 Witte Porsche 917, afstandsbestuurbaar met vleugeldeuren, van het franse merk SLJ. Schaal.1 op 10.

────────

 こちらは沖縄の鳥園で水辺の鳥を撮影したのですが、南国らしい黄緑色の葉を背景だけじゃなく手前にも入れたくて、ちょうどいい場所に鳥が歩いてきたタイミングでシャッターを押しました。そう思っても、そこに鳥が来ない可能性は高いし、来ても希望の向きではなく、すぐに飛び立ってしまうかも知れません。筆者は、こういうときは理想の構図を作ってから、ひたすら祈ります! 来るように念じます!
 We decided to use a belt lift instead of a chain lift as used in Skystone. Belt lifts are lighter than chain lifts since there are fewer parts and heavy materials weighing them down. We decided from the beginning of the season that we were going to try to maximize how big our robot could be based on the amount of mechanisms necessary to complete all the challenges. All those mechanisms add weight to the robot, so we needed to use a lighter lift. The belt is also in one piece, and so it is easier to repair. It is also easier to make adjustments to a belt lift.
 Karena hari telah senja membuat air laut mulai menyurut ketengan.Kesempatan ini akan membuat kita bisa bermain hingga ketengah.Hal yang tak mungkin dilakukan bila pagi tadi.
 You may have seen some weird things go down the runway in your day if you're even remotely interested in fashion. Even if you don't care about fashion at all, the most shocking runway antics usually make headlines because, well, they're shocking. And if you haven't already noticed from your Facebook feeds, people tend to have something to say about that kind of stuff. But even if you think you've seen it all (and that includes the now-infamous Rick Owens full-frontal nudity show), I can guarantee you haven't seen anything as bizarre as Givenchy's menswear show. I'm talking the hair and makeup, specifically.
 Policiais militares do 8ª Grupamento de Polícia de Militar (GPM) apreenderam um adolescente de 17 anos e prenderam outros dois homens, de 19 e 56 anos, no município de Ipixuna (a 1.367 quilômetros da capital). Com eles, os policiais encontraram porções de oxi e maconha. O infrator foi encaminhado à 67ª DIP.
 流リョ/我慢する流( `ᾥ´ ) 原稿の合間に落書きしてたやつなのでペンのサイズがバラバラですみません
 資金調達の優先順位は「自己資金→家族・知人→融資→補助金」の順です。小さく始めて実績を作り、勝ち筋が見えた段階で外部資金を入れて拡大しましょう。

────────

In the records above, find each line that mentions the string "down", then copy it.

• _RESULT OF THIS TASK_:
 We decided to use a belt lift instead of a chain lift as used in Skystone. Belt lifts are lighter than chain lifts since there are fewer parts and heavy materials weighing them down. We decided from the beginning of the season that we were going to try to maximize how big our robot could be based on the amount of mechanisms necessary to complete all the challenges. All those mechanisms add weight to the robot, so we needed to use a lighter lift. The belt is also in one piece, and so it is easier to repair. It is also easier to make adjustments to a belt lift.
 You may have seen some weird things go down the runway in your day if you're even remotely interested in fashion. Even if you don't care about fashion at all, the most shocking runway antics usually make headlines because, well, they're shocking. And if you haven't already noticed from your Facebook feeds, people tend to have something to say about that kind of stuff. But even if you think you've seen it all (and that includes the now-infamous Rick Owens full-frontal nudity show), I can guarantee you haven't seen anything as bizarre as Givenchy's menswear show. I'm talking the hair and makeup, specifically.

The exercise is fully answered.